Coming of age in a time of economic uncertainty can also take an emotional toll. In the five months since Rajinder Ghoman was laid off from her customer service job with British Airways, the 27-year-old single mom, who is living with her parents in Brampton, Ont., has spent her days attending job fairs and scouring the Internet for openings. But after submitting more than 50 applications, she’s only received three calls—none have ended in an offer. With her Employment Insurance set to expire in two months, she says her self-esteem is “not too good right now.”
While most of the country’s unemployed youth will eventually find jobs, studies suggest that these experiences can have lasting psychological effects, too. A recent article in The Atlantic cited a battery of disheartening findings: individuals who endure long bouts of unemployment in their teens and early 20s are more at risk of developing drinking problems; those who started their careers during Japan’s “lost generation” now account for 60 per cent of employer-reported cases of depression and stress; and periods of unemployment, especially early on, literally shave years off of a person’s life.
Academics have, understandably, been quick to reverse the rosy futures they once predicted for today’s youth. Some have gone so far as to say that the “millennials,” who were once described as an entitled generation with a poor work ethic, are at risk of becoming lost. Like the children of the Great Depression, the argument goes, these kids will have their ambitions thwarted by uncertain times, and hold on to their jobs—and pennies—for dear life.
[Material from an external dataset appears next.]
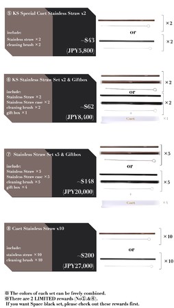 定番カラーの"Copper"と、本プロジェクトにて新発売の"Space black"の2種類のステンレスストローをお買い求め頂けます。
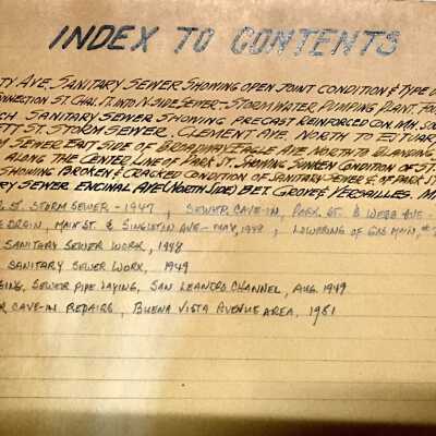 History of Object: Municipally prepared album entitled: "Photographic Reports Covering Sewer Construction & Repairs", and it illustrates a number of projects occurring during the period 1944 to 1951. There are some 168 photographs, and their chief interest lies in their background scenes showing landmarks and buildings no longer extant.

But according to Beaudry, this is “an exaggerated kind of comparison.” While the relative losses have been substantial, the fallout we’re currently experiencing is nothing like what occurred in the 1930s. Today’s kids are also much more affluent than they were back then. As Douglas Porter, deputy chief economist for the Bank of Montreal, points out, even with the recent setback, the markets are still higher than they were 20 years ago, and “when you look at the household balance sheet,” he says, “a lot of the losses have been recouped.” Add that to the fact that government has been focusing on job creation, and the outlook is more optimistic. “We can turn this thing around without doing lasting damage to the prospects of youth today.”
To minimize the implications, says economist Yalnizyan, government should do more to improve access to Employment Insurance and social assistance. “We should be enhancing those automatic stabilizers that prevent the middle class from entering economic free fall,” she says. At the same time, the downturn, she adds, is an opportunity to make tuitions more affordable and address the impending shortage of trained professionals in fields like medicine.
As for Cantin, he’s looking at the warehouse job as a stopgap until he goes back to school—something he’s been thinking about a lot in the past few months. He hopes a master’s in history will be enough to land his dream job. But part of him wonders if he’ll just be digging himself an even larger financial hole, only to get stonewalled again. “I try and stay optimistic. But for the most part,” he says, “I just try not to think about it.”